Elevated levels of complement proteins and the activation of their signaling pathways have been reported in many diseases. However, there is still controversy regarding the specific cell types that express the C3/C3aR pathway proteins. Our immunofluorescence experiments revealed that C3 is primarily derived from astrocytes and is minimally expressed in microglia and neurons, while C3aR is mainly expressed in microglia and rarely in neurons (Figure S5D). Both of these proteins showed a significant increase in expression in the hippocampus of the model mice subjected to surgical procedures. These results are consistent with recent studies [22, 26]. Interestingly, in our model, although there was a trend of increased expression of C3 and C3aR in the CA3 and dentate gyrus regions of the hippocampus, the increase in the CA1 region was statistically significant. The hippocampus, being a brain region closely associated with cognition, may have different subregions that play distinct roles in certain functions. The CA1 region is a crucial area for communication between the hippocampus and the cortex. The latest study [42] have shown that, compared to wild-type mice, the complex neuronal interactions in the dorsal CA1 hippocampal neurons of amnestic mice are disrupted. This suggest that the CA1 region of the hippocampus may be a susceptible brain area for cognitive-related impairments. In our surgery-induced cognitive impairment model, the changes in C3/C3aR and neuronal functional damage in the CA1 region of the hippocampus are more pronounced, which seems to validate this point.

Pharmacological inhibition or genetic knockout of C3aR can effectively alleviate neuroinflammation and ameliorate memory impairment in AD mice or virus infection mouse models [26, 43]. Similarly, C3aR inhibition or genetic knockout prevented the loss of excitatory synapses and the reduction in excitatory synaptic transmission and rescued memory impairment in the mouse model. The STAT3/p-STAT3 pathway has been reported to be an important downstream signaling pathway underlying C3aR activation. The activation of C3aR leads to the phosphorylation and activation of STAT3. Activated STAT3 translocate to the nucleus, where it can induce the expression of genes involved in immune responses and cellular functions. Activation of STAT3 in microglia promotes their transformation into ARM, which perform various functions including synaptic pruning. VGluT1 (vesicular glutamate transporter 1) is a marker for excitatory synaptic vesicles. The activated microglia recognize and engulf VGluT1-positive synapses, effectively pruning these excitatory synapses. Although we excluded the possibility of extensive cell death through TUNEL staining, we still cannot completely rule out the possibility that the engulfed VGluT1 comes from naturally apoptotic cell debris. Ideally, it would be more effective to use two-photon microscopy to observe the real-time dynamic interactions between microglia and neurons. This would help clearly distinguish whether microglia are engulfing intact excitatory synapses or some components released into the extracellular matrix. Nevertheless, our experimental observations, combined with omics data analysis, can provide some insight. They suggest that activated microglia may be engulfing more synaptic components, which in turn affects the normal function of synapses, resulting in cognitive impairment. Together, pharmacological and genetic evidence demonstrates the central role of the C3aR/STAT3 signaling axis in microglia activation, excitatory synapse loss, and memory deficits in the model mice.
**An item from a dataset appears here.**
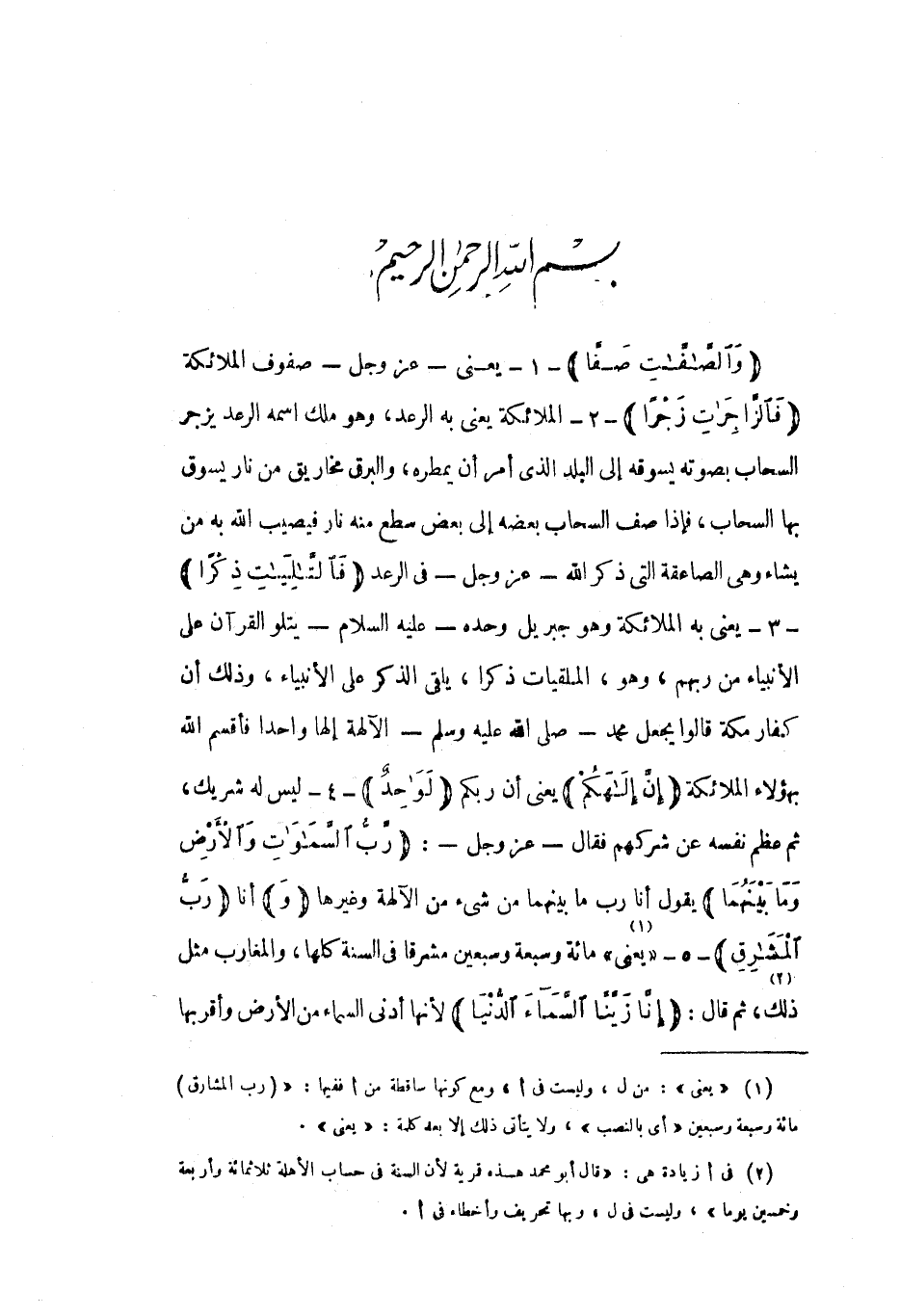 بِسْمِ اللَّهِ الرَّحْمنِ الرَّحِيمِ وَالصَّافَّاتِ صَفًّا- 1- يعني- عز وجل- صفوف الملائكة فَالزَّاجِراتِ زَجْراً- 2- الملائكة يعني به الرعد، وهو ملك اسمه الرعد يزجر السحاب بصوته يسوقه إلى البلد الذي أمر أن يمطره، والبرق مخاريق من نار يسوق بها السحاب، فإذا صف السحاب بعضه إلى بعض سطع منه نار فيصيب الله به من يشاء وهي الصاعقة التي ذكر الله- عز وجل- في الرعد فَالتَّالِياتِ ذِكْراً- 3- يعني به الملائكة وهو جبريل وحده- عليه السلام- يتلو القرآن على الأنبياء من ربهم، وهو، الملقيات ذكرا، يلقي الذكر على الأنبياء، وذلك أن كفار مكة قالوا يجعل محمد- صلى الله عليه وسلم- الآلهة إلها واحدا فأقسم الله بهؤلاء الملائكة إِنَّ إِلهَكُمْ يعني أن ربكم لَواحِدٌ- 4- ليس له شريك، ثم عظم نفسه عن شركهم فقال- عز وجل-: رَبُّ السَّماواتِ وَالْأَرْضِ وَما بَيْنَهُما يقول أنا رب ما بينهما من شيء من الآلهة وغيرها وَأنا رَبُّ الْمَشارِقِ- 5- «يعني» «1» مائة وسبعة وسبعين مشرقا في السنة كلها، والمغارب مثل ذلك، «2» ثم قال: إِنَّا زَيَّنَّا السَّماءَ الدُّنْيا لأنها أدنى السماء من الأرض وأقربها

There are still some questions remaining to be answered in future work. First, although C3aR has been confirmed to be primarily expressed in microglia in the central nervous system, C3aR knockout mice do not represent a conditional knockout in microglia and cannot completely rule out the effects of C3aR knockout on other neural cells. Ideally, using microglia-conditional C3aR knockout mice would be more persuasive. Therefore, in future studies on microglia, we will incorporate Cx3cr1cre mice. Second, the present study revealed that microglia participate in excitatory synapse elimination, whether microglia are also involved in inhibitory synaptic pruning and their influence on memory deficits in POCD model mice remain to be addressed. Third, as another important glial cell type, astrocytes are also involved in synapse development and pruning. Therefore, the function of astrocytes in excitatory synapse elimination in POCD model mice is worthy of investigation.
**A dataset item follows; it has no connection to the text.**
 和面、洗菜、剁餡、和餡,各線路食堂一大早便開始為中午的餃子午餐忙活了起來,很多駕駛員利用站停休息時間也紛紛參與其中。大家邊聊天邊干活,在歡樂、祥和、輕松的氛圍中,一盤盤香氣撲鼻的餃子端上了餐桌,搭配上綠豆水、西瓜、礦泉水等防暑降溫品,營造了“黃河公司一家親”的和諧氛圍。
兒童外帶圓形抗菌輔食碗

In summary, using a POCD mouse model, we discovered that the C3-C3aR/STAT3 axis was significantly activated and mediated microglial-neuronal crosstalk in the mouse hippocampus after surgery. Blocking the C3-C3aR axis and downstream STAT3 signaling inhibited surgery-induced excitatory synapse loss in the hippocampus and relieved memory deficits in POCD model mice. Therefore, targeting the complement system may be a potential therapeutic strategy for alleviating memory deficits in elderly patients after surgery.

Data availability

The data sets generated and analyzed during this study will be made available by the authors upon reasonable request.

Abbreviations

POCD:

Postoperative cognitive dysfunction

AD:

Alzheimer’s disease

MWM:

Morris water maze

LMT:

Location memory test

OPT:

Open field test

VGluT:

Vesicular glutamate transporter

MRI:

Magnetic resonance imaging

ALFF:

Amplitude of low frequency fluctuation

ReHo:

Regional homogeneity

sEPSC:

Spontaneous excitatory postsynaptic current

fEPSP:

Field excitatory postsynaptic potential

References

  1. Eckenhoff RG, Maze M, Xie Z, Culley DJ, Goodlin SJ, Zuo Z, et al. Perioperative Neurocognitive Disorder: State Preclinical Sci Anesthesiology. 2020;132(1):55–68.

    Google Scholar 

  2. Evered L, Silbert B, Knopman DS, Scott DA, DeKosky ST, Rasmussen LS, et al. Recommendations for the nomenclature of cognitive change associated with anaesthesia and surgery-2018. Br J Anaesth. 2018;121(5):1005–12.

    Article  PubMed  PubMed Central  Google Scholar 

  3. Needham MJ, Webb CE, Bryden DC. Postoperative cognitive dysfunction and dementia: what we need to know and do. Br J Anaesth. 2017;119(suppl1):i115–25.

    Article  PubMed  Google Scholar 

  4. Moller JT, Cluitmans P, Rasmussen LS, Houx P, Rasmussen H, Canet J, et al. Long-term postoperative cognitive dysfunction in the elderly ISPOCD1 study. ISPOCD investigators. International Study of Post-operative Cognitive Dysfunction. Lancet. 1998;351(9106):857–61.

    Article  PubMed  Google Scholar 

  5. Evered LA, Silbert BS. Postoperative cognitive dysfunction and noncardiac surgery. Anesth Analg. 2018;127(2):496–505.

    Article  PubMed  Google Scholar 

  6. Cheng C, Wan H, Cong P, Huang X, Wu T, He M, et al. Targeting neuroinflammation as a preventive and therapeutic approach for perioperative neurocognitive disorders. J Neuroinflammation. 2022;19(1):297.

    Article  PubMed  PubMed Central  Google Scholar 

  7. Yang Y, Liu Y, Zhu J, Song S, Huang Y, Zhang W, et al. Neuroinflammation-mediated mitochondrial dysregulation involved in postoperative cognitive dysfunction. Free Radic Biol Med. 2022;178:134–46.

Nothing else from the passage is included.